For applications that are continuously running against the same set
of disk data, previous disk accesses could serve as the history
access information to improve the I/O performance of current disk
accesses. To test this we installed a Web server running the
general hypertext cross-referencing tool Linux Cross-Reference
(LXR) [15].
This tool is widely used by Linux developers for
searching Linux source code.
We use the LXR 0.3 search engine on the Apache 2.0.50 HTTP Server,
and use Glimpse 4.17.3 as the freetext search engine. The file set
searched is three versions of the Linux kernel source code: 2.4.20,
2.6.11, and 2.6.15. Glimpse divides the files in each kernel into
256 partitions, indexes the file set based on partitions, and
generates an index file showing the keyword locations in terms of
partitions. The total size of the three kernels and the index files
is 896MB. To service a search query, glimpse searches the index file
first, then accesses the files included in the partitions matched in
the index files. On the client side, we used WebStone 2.5 [29] to generate 25 clients concurrently submitting freetext
search queries.
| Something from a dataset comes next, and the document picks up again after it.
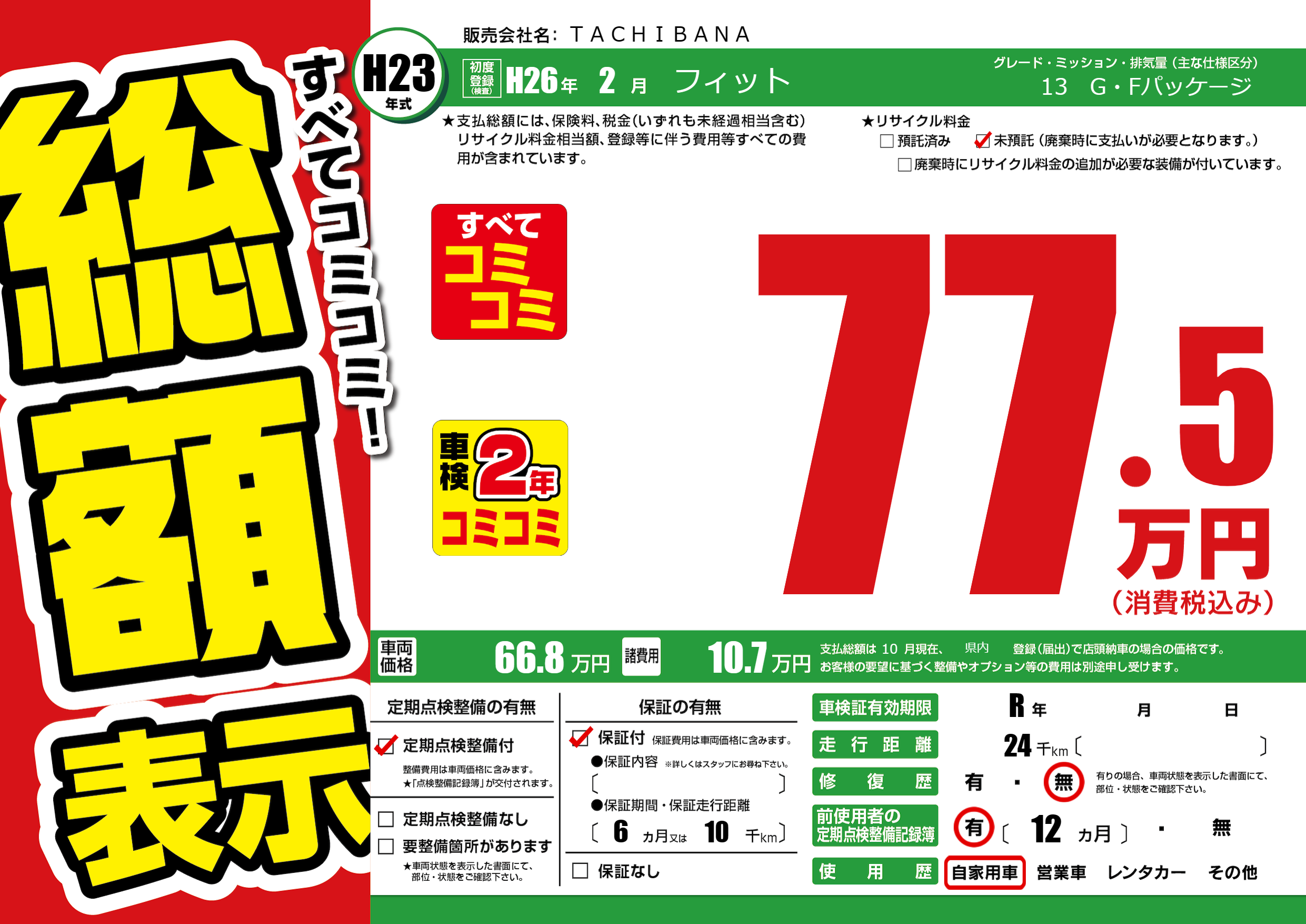 | 走行キロ | 2.4万km | 初年度登録 | H26年2月 |

Each client randomly picks a keyword from a pool of
50 keywords and sends it to the server. It sends its next query
request once it receives the results of its previous query. We
randomly select 25 Linux symbols from file /boot/System.map
and another 25 popular OS terms such as ``lru'',
``scheduling'', ``page'' as the pool of candidate query keywords.
Each keyword is searched in all three kernels. The metric we use is
throughput of the query system represented by MBit/sec, which means
the number of Mega bits of query results returned by the server per
second. This metric is also used for reporting WebStone benchmark
results.
Figure 11:
LXR throughputs with and without DiskSeen.
|
Figure 11 shows the LXR throughputs on the kernels
with and without DiskSeen at different times during its execution.
We have two observations. First, DiskSeen improves LXR's throughput.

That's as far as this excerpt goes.